Back in the old days, I kept mental track of the -rcu tree and ran the tests appropriate to whatever was queued there. This strategy broke down in late 2020 due to family health issues (everyone is now fine, thank you!), resulting in a couple of embarrassing escapes. Some additional automation was clearly required.
This automation took the form of a new torture.sh script. This is not intended to be the main testing mechanism, but instead an overnight touch-test of the full rcutorture suite that is run occasionally, for example, just after accepting a large patch series or just before sending a pull request.

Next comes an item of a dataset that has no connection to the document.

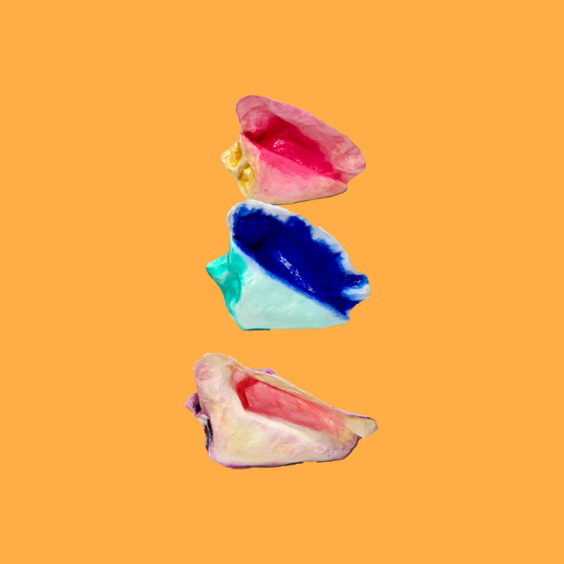 Conchiglia tropicale decorativa in cartapesta dipinta a mano con colori straordinari. L'oggetto perfetto per gli amanti del mare senza rubare niente all'ambiente marino. Ogni pezzo è unico.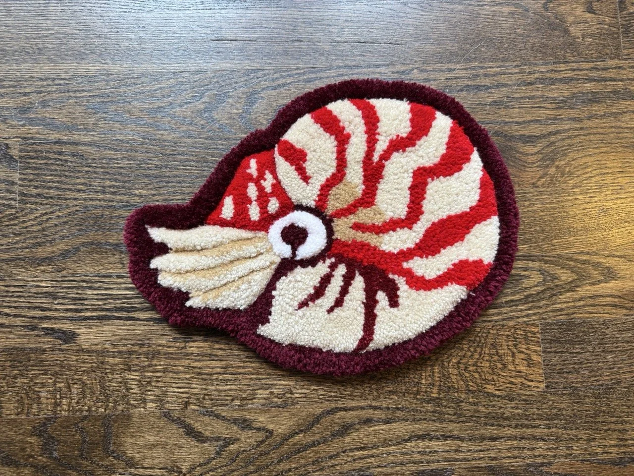Handmade, tufted rug made with acrylic yarn. Sizes may vary.

By default, torture.sh runs everything both with and without KASAN, and with a 10-minute “duration base”. The translation from “duration base” into wall-clock time is a bit indirect. The fewer CPUs you have, the more tests you run, and the longer it takes your system to build a kernel, the more wall-clock time that “10 minutes” will turn into. On my 16-hardware-thread laptop, running everything (including the non-default KCSAN runs) turns that 10-minute duration base into about 11 hours. Increasing the duration base by five minutes increases the total wall-clock time by about 100 minutes.
This is therefore not a test to be integrated into a per-commit CI system, however, manually selecting specific tests for the most recent RCU-related commit is far easier than keeping the entire -rcu stack in one's head. And torture.sh assists with this by providing sets of --configs- and --do- parameters.
The --configs- parameters are as follows:
The --do- parameters are as follows:
- --do-all, which enables everything, including non-default options such as KCSAN.
- --do-allmodconfig, which does a single allmodconfig kernel build without running anything, and without either KASAN or KCSAN.
- --do-clocksourcewd, which does a short test of the clocksource watchdog, verifying that it can tell the difference between delay-based skew and clock-based skew.
- --do-kasan, which enables KASAN on everything except -do-allmodconfig.
- --do-kcsan, which enables KCSAN on everything except -do-allmodconfig.
- --do-kvfree, which runs a special rcuscale test of the kvfree_rcu() primitive.
- --do-locktorture, which enables a set of locktorture runs.
- --do-none, which disables everything. Yes, you can give a long series of --do-all and --do-none arguments if you really want to, but the usual approach is to follow --do-none with the lists of tests you want to enable, for example, --do-none --do-clocksourcewd will test only the clocksource watchdog, and do so in but a few minutes.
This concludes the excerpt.